Task directions:
Exactly as written, reproduce the lines from the beginning of the data through the line containing "Görsel 6. Beatrice"; the pictures are not reproduced.

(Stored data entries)
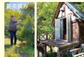
新茶摘み 里山くらし体験(安芸太田町津渡)
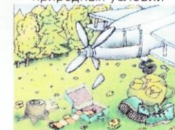
Вынужденное автономное существование

Выживание – активная целеустремленная деятельность, направленная на сохранение жизни, здоровья и работоспособности в условиях автономного существования.
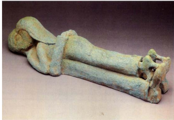
Görsel 6. Beatrice Wood, Orta Doğu Sorununun Çözümü (Settling the Middle East Question) , 1958, Seramik heykel.

Bakirenin Rüyası (The Virgin's Dream- Görsel 5) adlı heykel Beatrice Wood'un kadın erkek ilişkilerine ve aşka dair yorumlarını ironik bir biçimde aktardığı örneklerden biridir. Siyah elbiseli, gözleri kapalı bir kadın figürü sandalyede oturur vaziyette şekillendirilmiştir. İsminden de anlaşılacağı üzere sandalyedeki kadın uyuyor ve rüya görüyor bir vaziyettedir. Bu rüyanın ne olduğuna dair bilgiler ise siyah elbiseli kadın figürünün arkasında ağaç benzeri bir formun üzerine yerleştirdiği ikili gruplar halindeki kadın ve erkek figürlerinden anlaşılabilir. Çıplak bir kadın bedenine arkadan sarılmış veya kadınla temas halinde oldukları görülen erkekler eklenmiştir. Sanatçının naif tarzıyla şekillendirdiği bu heykelde figürlerin biçim bozuklukları ve oran orantı problemleri göze çarpmaktadır. Fakat bu problemler daha önce de değinildiği gibi bilinçli bir tercihin sonucu olarak karşımıza çıkmaktadır. Bu yüzden sanatçının eserini hiçbir estetik kaygı gütmeden tamamen içinden geldiği gibi şekillendirdiğini söylemek mümkündür. Burada bakire olarak nitelendirilen bir kadının rüyasında erkeklerle kurduğu ilişkilere vurgu yapılmaktadır. Erkek bedeniyle temas halindeki kadın bedeni oldukça rahat bir tarzda ifade edilmiştir. Kadın belki de gerçek hayatta deneyimlemediği bu duyguları rüyası aracılığıyla yaşamaktadır diyebiliriz. Bu anlatım biçimindeki hikâyenin tamamen masum ve safça olduğunu söylemek mümkündür.
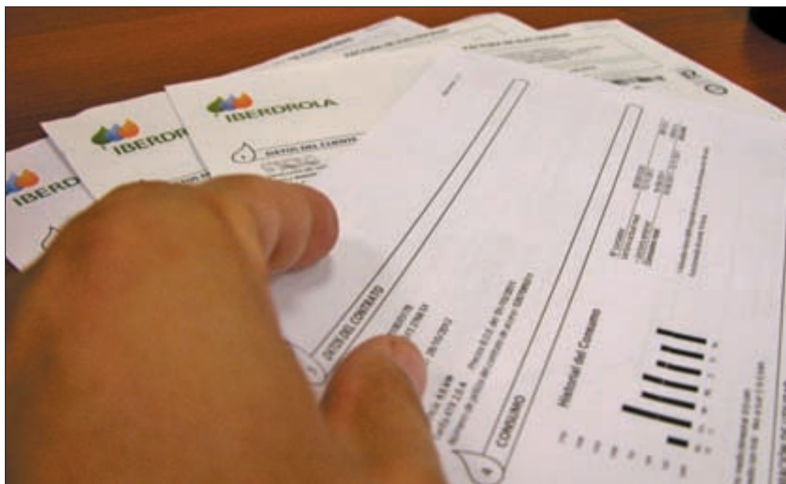
La reforma de la factura de la luz afectaría a más de veinte millones de usuarios

Cruz Roja ha hecho el primer llamamiento de su historia de ayuda en España para poder atender a 300.000 personas más, en situación de extrema vulnerabilidad, afectadas por la crisis económica. Aprovechó el 'Día de la Banderita', uno de los eventos más emblemáticos de la institución y que se desarrolló de forma simultánea en más de 30 provincias españolas y cuyos fondos se destinarán para ayudar a estas personas. La institución subraya que el 82 por ciento de las personas atendidas por Cruz Roja vive por debajo del umbral de la pobreza (con una renta por debajo de 627 euros).
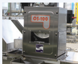
オイルスキマー (標準装備)
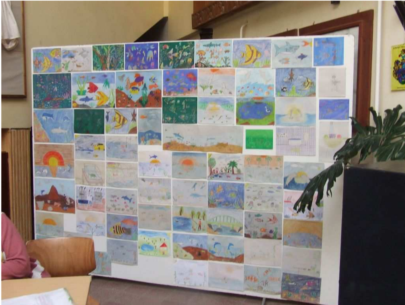
Kiállítás az elkészített rajzokból
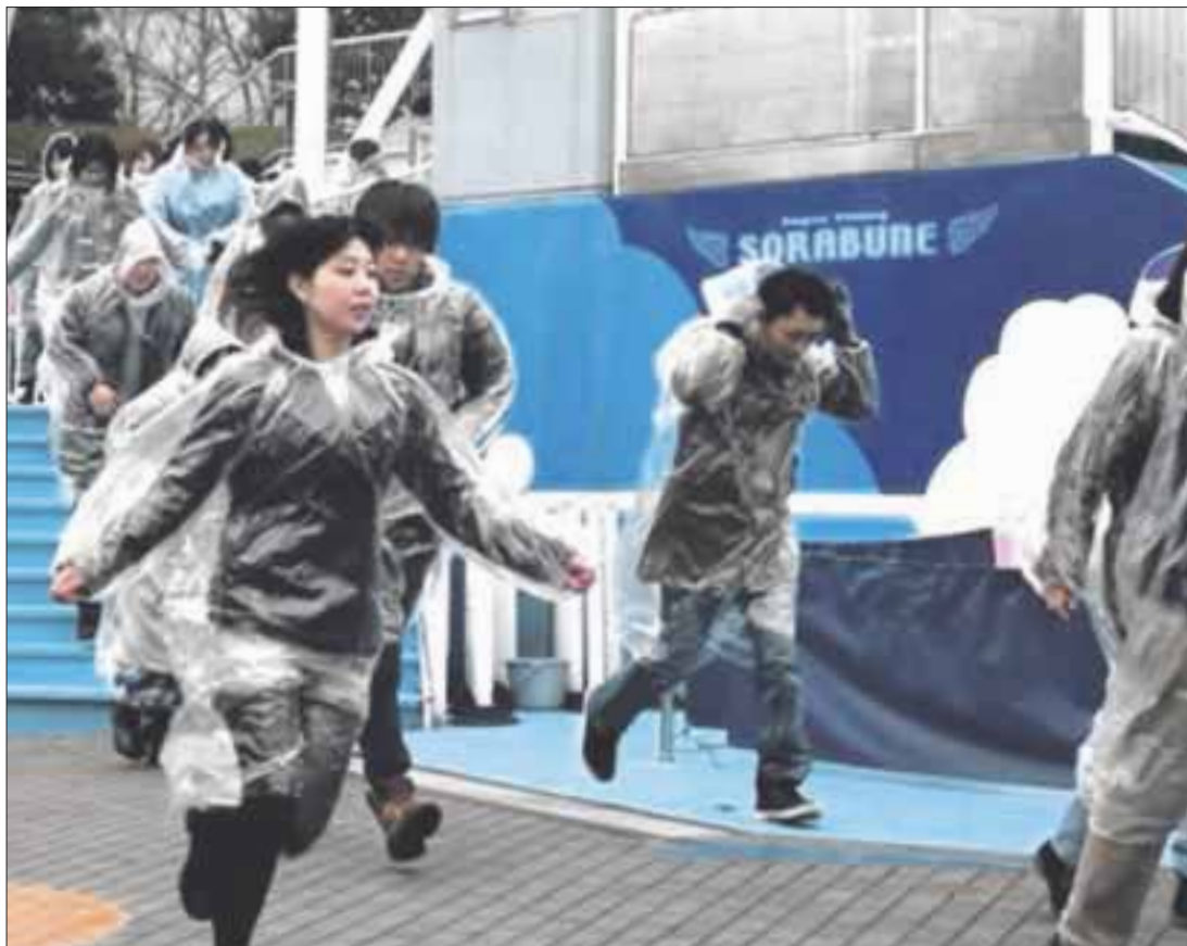
Unas 350 personas participaron en el ejercicio, en el que practicaron cómo evacuar espacios sobre una posible ofensiva.

El gobierno ha realizado simulacros en 25 municipios del país desde marzo de 2017, con el objetivo de garantizar rapidez a la hora de informar a la población y facilitar una evacuación veloz y segura ante los continuos ensayos balísticos de Corea del Norte
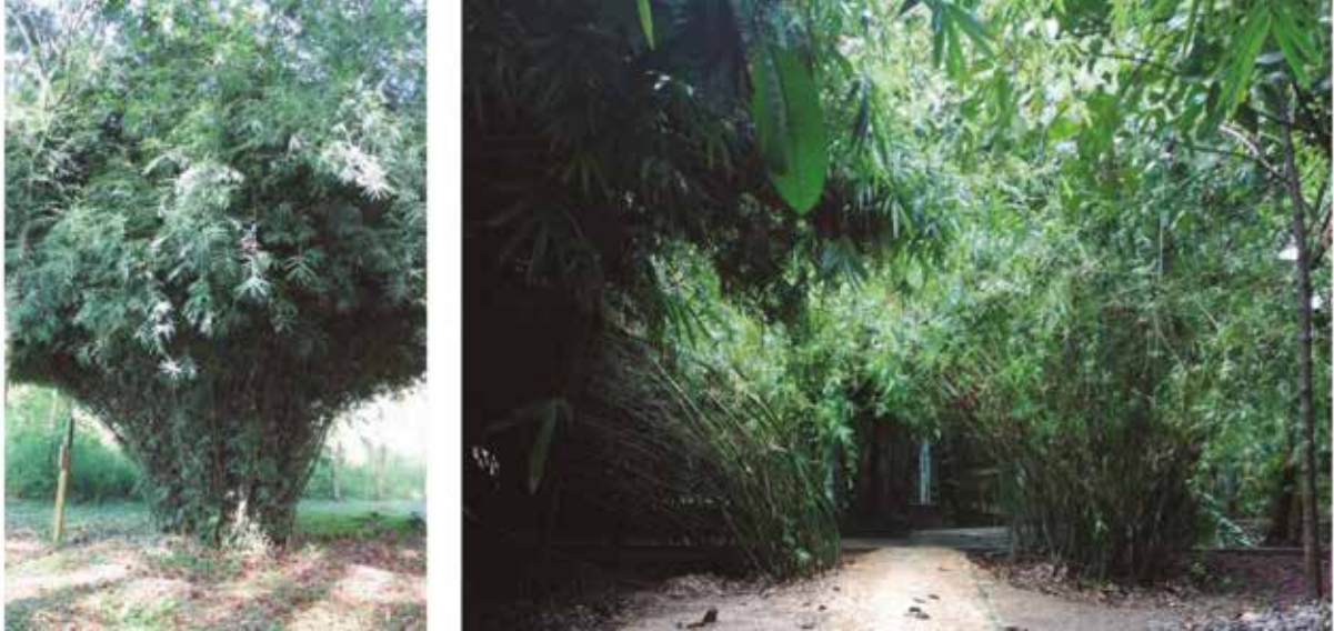
Figura 11. Bambusa multiplex : a) hábito, b) paisajismo en el Colegio Piaget, Florencia, Caquetá.

SERVICIOS ECOSISTÉMICOS: Esta especie es ideal para el control de erosión porque sus culmos son delgados y poco pesados. Sirven, además, de refugio a la fauna y flora local.
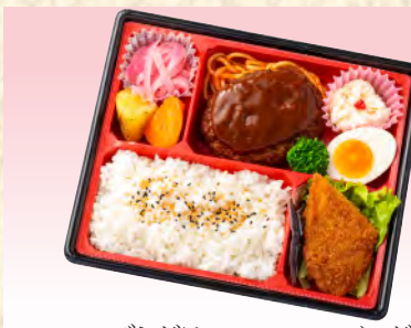
No.923 デミグラスソースハンバーグ弁当 23.0×20.0cm 税込 990 円 (本体価格 900 円)
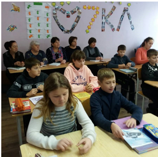
Відкритий урок української літератури в 7 класі Божківського НВК

Одна з дієвих колективних форм методичної роботи - творчі групи вчителів, які створюються з метою впровадження досягнень педагогічної науки і передового досвіду в навчально-виховний процес.
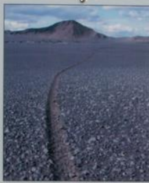
Hótt sandur fjök í Bláa nær hvern akstur að hlyta þess. Tracks in the gravel will not be cured by drifting sand.
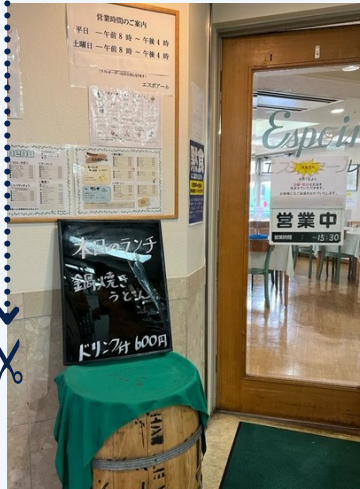
エスポアール入口
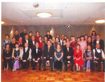
12月18日 寶尚会長として「山口社交ダンスクラブ発表会とダンスパーティ」に参加 於 ホテル松政
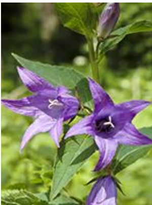
Bredbladet klokke ( Campanula latifolia ) Blomstrer juli-august
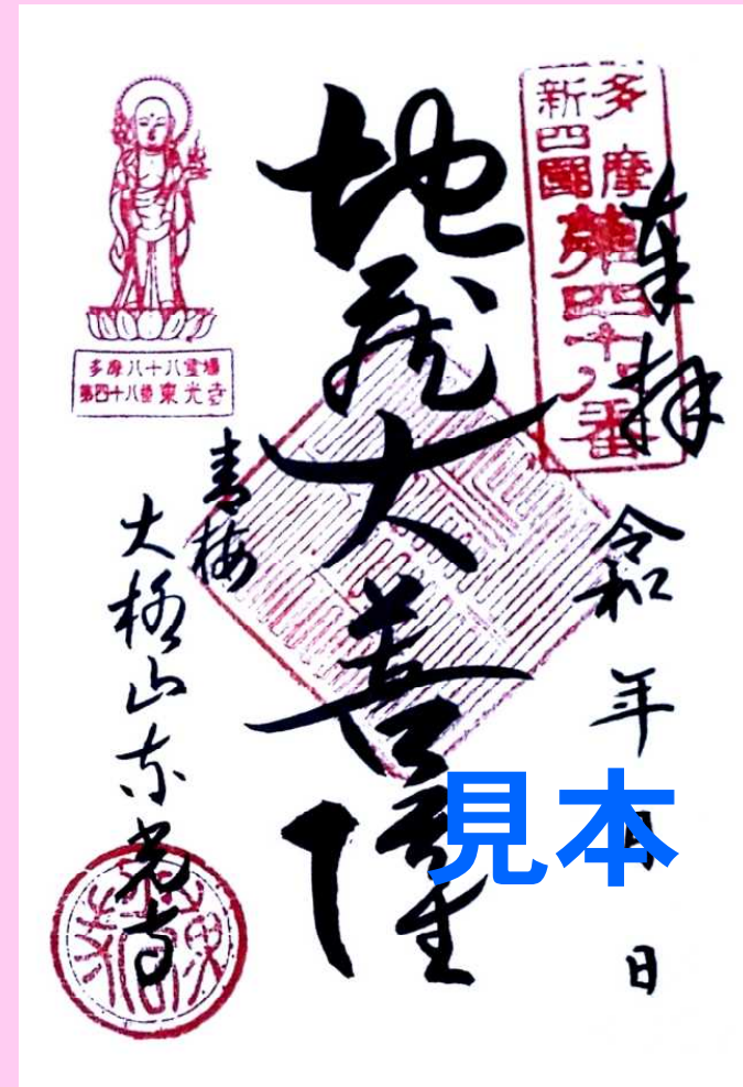
多摩八十八ヶ所第四十八番 地藏大菩薩。東光寺本尊。

※書き置き御朱印の書体です。直接揮毫する場合は、書体が違うことがありますので、ご諒承ください。
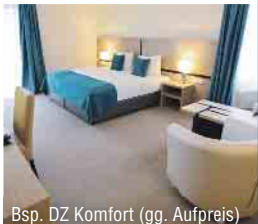
Bsp. DZ Komfort (gg. Aufpreis)
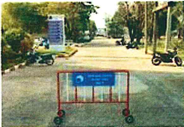
สขช.ธาตุพนม
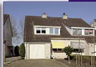
WILNIS Timotheegras 25
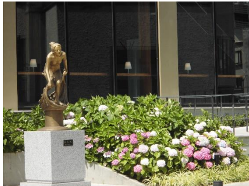
市民会館のあじさい

先週に引き続き、蒸し暑い中参加頂きありがとうございます。出発式の挨拶で「梅雨型熱中症」のサインについてお話をさせて頂きました。脱水症状ですが、のどの渇きよりは、疲労感・気分不快・食欲不振が先に出ることがあります。じとじとした汗をかいて・いつもより汗が乾きにくいと感じたら注意が必要湿度が高い環境では、のどの渇きに鈍感になりやすく、意識して水分補給することが大切です。(水戸市東部高齢者支援センターだよりより抜粋しました) 水戸駅北口より大通りの紫陽花を愛でながら水戸芸術館で休憩(水分補給)。水戸八幡宮で御涼所とあじさいの小径を60種 5000株のアジサイを愛でて茅の輪くぐりで安全祈願し、保和苑へと向かった。保和苑で昼食とアジサイ鑑賞西洋あじさいやがくあじさいが満開となり色鮮やかに咲き誇っていました。記念写真を撮り、保和苑下に向かい、観光漫遊バスで水戸駅に向かう参加者と分かれ湧水群のあじさいを鑑賞しながら歩いた。小澤の滝で小休止。参加者紹介水戸駅北口にほぼオンタイムで到着し散会しました
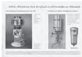
1955: August Münchhausen bringt einen Kaffeeautomaten auf den Markt für den »Kaffeegenuss in der Arbeitspause« 1958: Erweiterung und Modernisierung der Rösterei
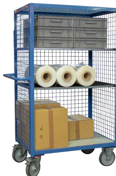
Modèle 3 côtés avec 2 options étagères
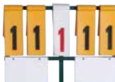
得点板[1-99] SB-16 サイズ:W680×D680×H1,400 [コード] 13024-51
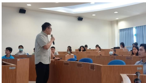
講師介紹與性別相關的藝文活動。
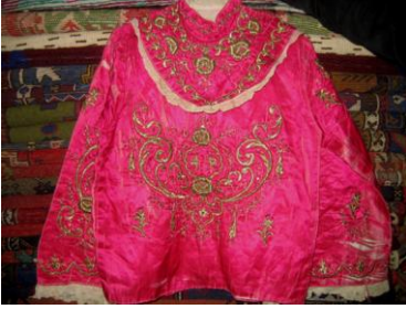
Mıhlama Önden Mıhlama Yaka Görünüm
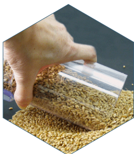
1. Llene el cargador

** Incluido solo en modelos seleccionados
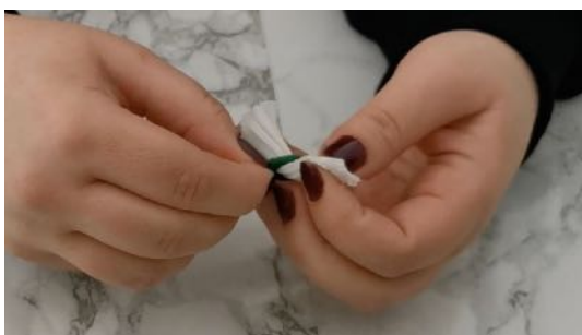
Placer le crépon au bout d'un fil chenille en le serrant
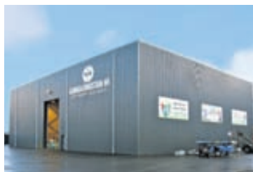
Flokkunarstöð Gámaþjónustunnar að Berghellu, Hafnarfirði.

Endurvinnslutunnan er losuð í Berghellu. Hvernig gengur að flokka
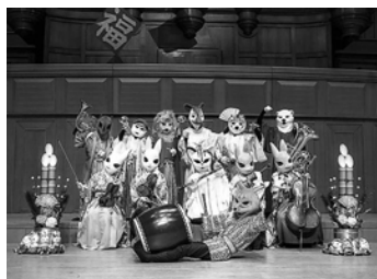
ズーラシアンブラス・弦うさぎ・クラリキヤット・ドール
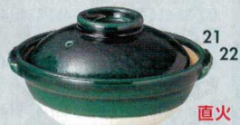
468-21-694 グリーン交趾5号土鍋(有田焼) 6,900円 15×4cm 37521692 468-22-694 グリーン交趾6.5号土鍋(有田焼) 8,900円 16.5×3cm 37522692 468-23-694 グリーン交趾4.3号土鍋(有田焼) 6,900円 13.5×3cm 37523692 468-24-694 グリーンコンロ一式(有田焼) 5,600円 12×9cm・台皿15×2cm 燃料入6.2×2.5cm 37524692
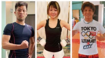
鈴木 隼人 選手：FIVB World Tour 第48回アジア大会男子選手権大会
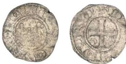
Рис. 6 (Billon Denier)

Після емісій хрестоносцями цих двох типів монет на о. Кіпр була сформована нова, характерна для держав хрестоносців, монетно-вагова система. Наступні емісії монет Гі де Лузіньяна на Кіпрі складали білонові монети вагою 1,2 г із восьмикутною зіркою на аверсі та круговою легендою +REX GVIDO і хрестом на реверсі з круговою легендою +DE CIPRO (Coins of the Crusader: 269). Наступний тип білонових деньє Гі де Лузіньяна карбувався вагою близько 0,80 г. Монети містили на аверсі зображення вежі/воріт, а на реверсі хрест, у сегментах якого симетрично зображалися 2 півмісяці та 2 крапки (Рис. 6) або лише 4 крапки. Ці монети мали аналогічні легенди з тими, що мали місце на монетах з восьмикутною зіркою.
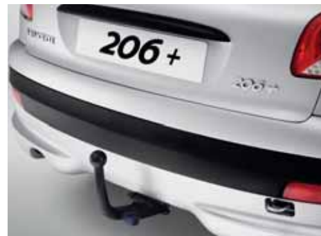
Ťažné zariadenia Vo viacerých prevedeniach.
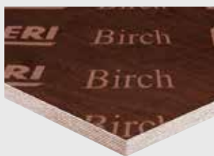
Sklejka PERI Birch
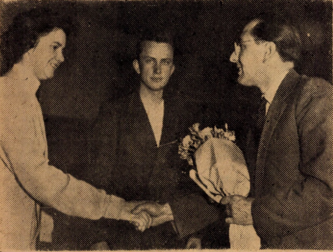
A hallgatók köszöntik az Agrárgazdaságtan Tanszék dolgozóit
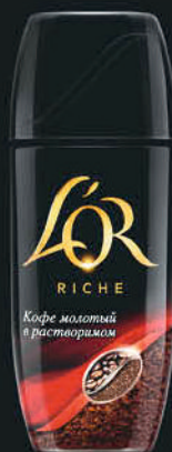
RICHE БАНКА 95Г
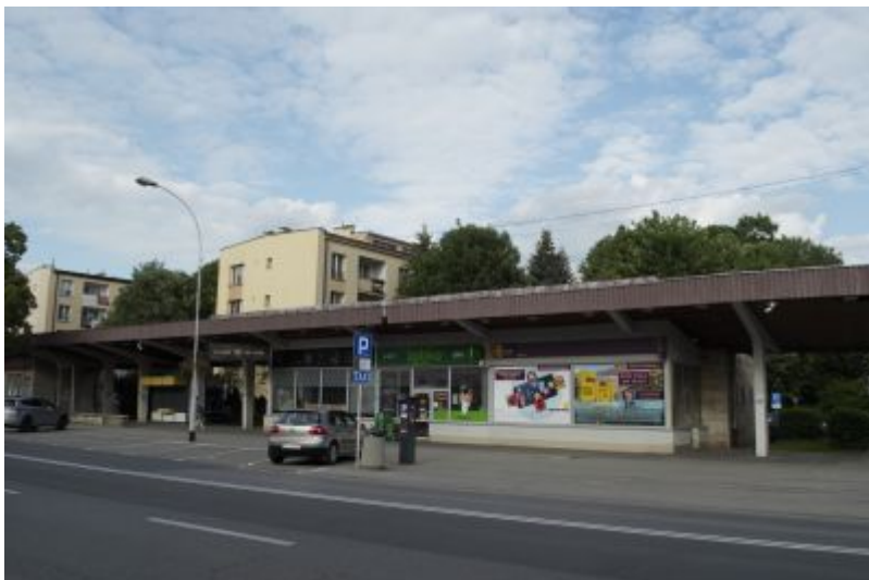
Pawilon przy ul. Hetmańskiej 31, przekształcony. Oryginalne przeszklenie elewacji zostało zlikwidowane i zastąpione oknami z PCV, powielającymi historyczny pas przeszklonej płaszczyzny, tworzonej przez prostokątne kwatery. Ściany pawilonu są otynkowane a cokół obłożony płytkami ceramicznymi.

Solution for this problem:
新茶摘み 里山くらし体験(安芸太田町津渡)
Вынужденное автономное существование

Выживание – активная целеустремленная деятельность, направленная на сохранение жизни, здоровья и работоспособности в условиях автономного существования.
Görsel 6. Beatrice Wood, Orta Doğu Sorununun Çözümü (Settling the Middle East Question) , 1958, Seramik heykel.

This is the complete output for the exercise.